# Christmas Holiday Pay



## Amydh (Dec 22, 2019)

How does holiday pay work for Christmas if we are closed?


----------



## Amanda Cantwell (Dec 22, 2019)

Amydh said:


> How does holiday pay work for Christmas if we are closed?


... it doesn’t, unless you’re a TL, then you’re paid an 8 hour shift I think?


----------



## danny4678 (Dec 22, 2019)

When will paystubs be posted this week on workday does anybody know?


----------



## Budweisered4 (Dec 23, 2019)

Amanda Cantwell said:


> ... it doesn’t, unless you’re a TL, then you’re paid an 8 hour shift I think?


I’m not signed off as a lead but do cover for them when needed and I’m a full time old timer and I still get the 8hr holiday pay just like them


----------



## JAShands (Dec 23, 2019)

danny4678 said:


> When will paystubs be posted this week on workday does anybody know?


Since today is still when payroll has to be squared away I would imagine Wednesday still.

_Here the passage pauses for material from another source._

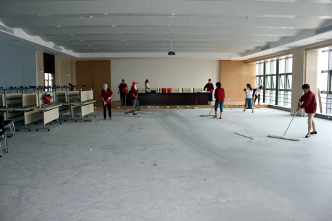 這次的保潔工作與任何一次都不同,在不具備條件的情況下就進行保潔工作。工作過程中我們面臨著極大地困難:大廈施工尚未結(jié)束,有幾個施工單位同時施工,每當(dāng)完成一遍保潔工作時,十幾分鐘后施工單位又會產(chǎn)生垃圾,這給保潔工作帶來了極大地難度。高溫天氣下,大廈內(nèi)成土飛揚,工作環(huán)境較為惡劣,況且我們每天都需要對整個大廈的重新保潔,高強度的勞動造成了保潔人員隊伍的極不穩(wěn)定。
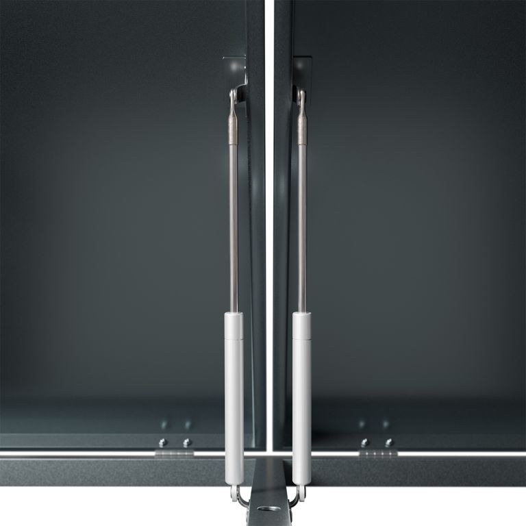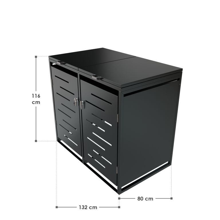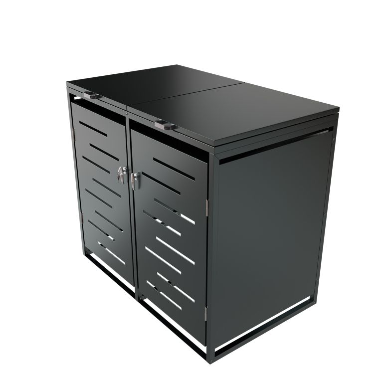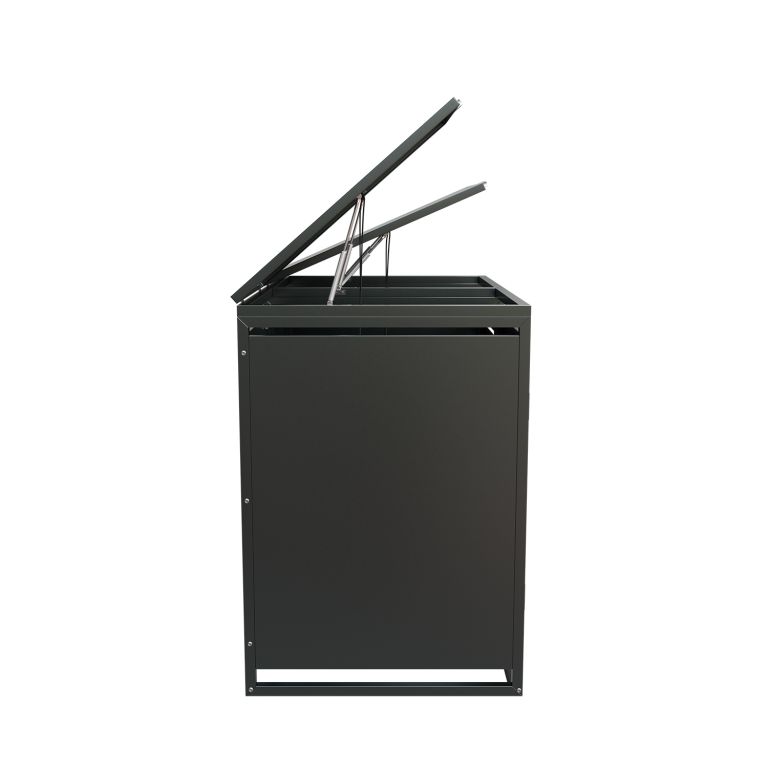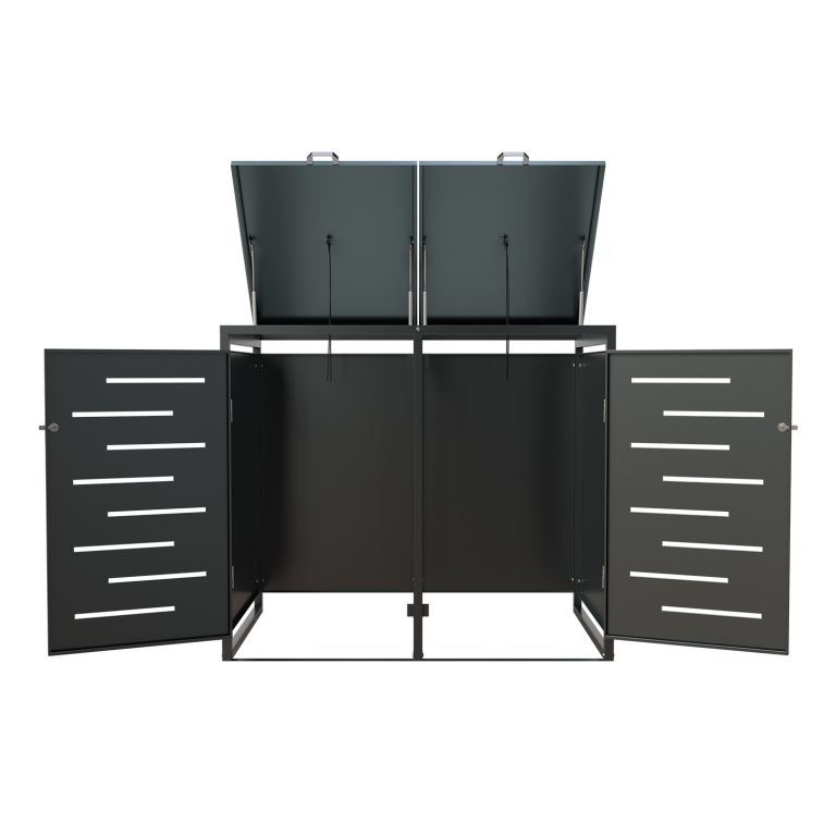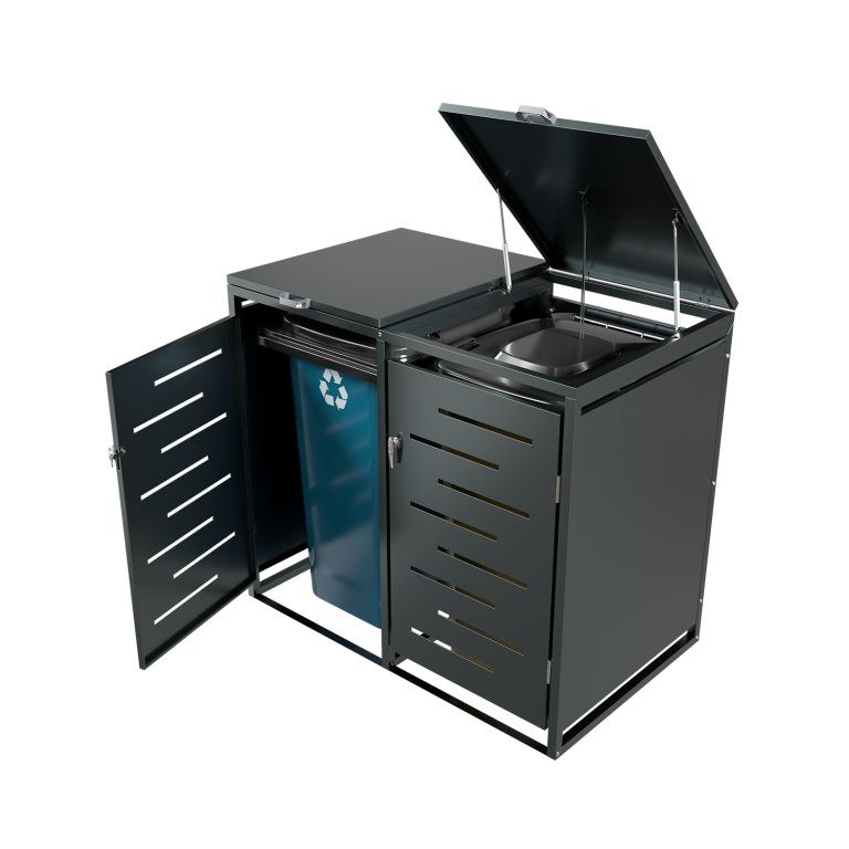 Konstrukcja ze stali ocynkowanej zapewnia wysoką odporność na warunki atmosferyczne i łatwość w utrzymaniu czystości. Górna pokrywa z podnośnikiem gazowym umożliwia prosty dostęp do pojemników o pojemności 120–240 litrów. Przednie drzwi wyposażone są w zamek, co gwarantuje, że nikt niepowołany nie będzie miał dostępu do zawartości. Schowek można rozbudować o dodatkowy moduł na 3 lub 4 kosze.

Once it’s locked (Monday afternoon) it’s an automated process so being closed shouldn’t stop updates from occurring.


----------



## Aae19 (Dec 23, 2019)

danny4678 said:


> When will paystubs be posted this week on workday does anybody know?



Usually ready by noon on Wednesday.


----------



## SigningLady (Dec 23, 2019)

I'm not a lead either and I get 7.25 hours of holiday pay.


----------



## Ashfromoldsite (Dec 23, 2019)

Amanda Cantwell said:


> ... it doesn’t, unless you’re a TL, then you’re paid an 8 hour shift I think?


And if your average hours is more than 30 and you’ve been there long enough to get benefits. You will also get 8 hours of pay for Christmas Day whether you work or not.


----------